Get to Know AFL-CIO's Affiliates: Amalgamated Transit Union


Next up in our new series of taking a deeper look at each of our affiliates is Amalgamated Transit Union (ATU). The series will run weekly until we've covered all 55 of our affiliates.

Name of Union: Amalgamated Transit Union (ATU)

Mission: To fight for the rights of transit workers and promote mass transit.

Current Leadership of Union: Lawrence J. Hanley is the current international president of ATU.

Oscar Owens serves as international secretary-treasurer and Javier M. Perez Jr. serves as international executive vice president.

Current Number of Members: Nearly 200,000.

Members Work As: Metropolitan, interstate and school bus drivers; paratransit, light rail, subway, streetcar and ferry boat operators; mechanics and other maintenance workers; clerks, baggage handlers, municipal employees and others.

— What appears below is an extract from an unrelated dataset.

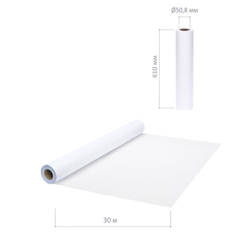 Бумага широкоформатная рулон для плоттера, 610 мм х 30 м х втулка 50,8 мм, 120 г/м2, белизна CIE 146%, BRAUBERG, 110621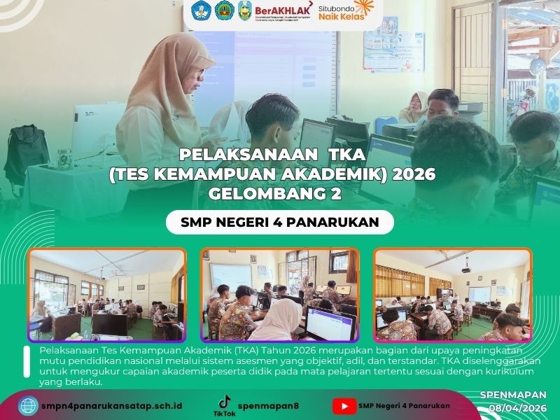 Pelaksanaan Tes Kemampuan Akademik (TKA) 2026 Gelombang 2 hari pertama berjalan dengan lancar, tertib, dan kondusif. Seluruh peserta hadir tepat waktu dan mengikuti ujian dengan penuh kesungguhan. Panitia serta pengawas melaksanakan tugas dengan baik sesuai prosedur yang telah ditetapkan, sehingga kegiatan dapat berlangsung tanpa kendala yang berarti. Diharapkan kelancaran ini dapat terus terjaga hingga hari-hari berikutnya

Industries Represented: Mass transit and related industries.

History: As industrialization advanced in the United States in the late 1800s, more and more workers needed transportation and workers to run that transportation. Mass transit workers in the early days largely worked with horses that pulled streetcars. The drivers often worked 18-hour days while the horses actually only worked four hours a day or less. The harsh treatment, lack of benefits and low pay set the seeds for the rise of ATU.

Early on, there were numerous attempts to form a union of transit workers, but efforts had little success until 1888, when Samuel Gompers, president of the American Federation of Labor, led efforts to organize the streetcar workers. In 1892, the first convention of what would become ATU was held in Indianapolis. 

Although the year after the first convention was challenging, the union became a beacon of hope for transit workers. Within that first year, 28 local divisions were formed and the first Canadian local was chartered in 1893. Seven years later, membership had reached 8,000.

In the years that followed, ATU would continue to expand rapidly amid an era of strikes and violence. The stronger the organization got, the more impact it had. ATU not only pushed for labor reforms such as the six-day workweek and the eight-hour day, but championed technology and rules that make mass transit safer for both workers and riders.

Current Campaigns: Stop Assaults on Transit WorkersMake Sure Transit Operators Have Bathroom BreaksEnd Fatalities and Injuries Resulting from Poor Transit Bus Design.

Community Efforts: ATU has community partnerships with a wide variety of organizations in pursuit of their values and mission, including: the AFL-CIO, Americans for Transit, the BlueGreen Alliance, the Coalition for Smarter Growth, Good Jobs First, the Industrial Areas Foundation, Jobs With Justice, the Labor Project for Working Families, the Partnership for Working Families, the Sierra Club, Transit Riders for Public Transit, the Transportation Equity Network, Transportation for America, U.S. PIRG, USAction and Working America.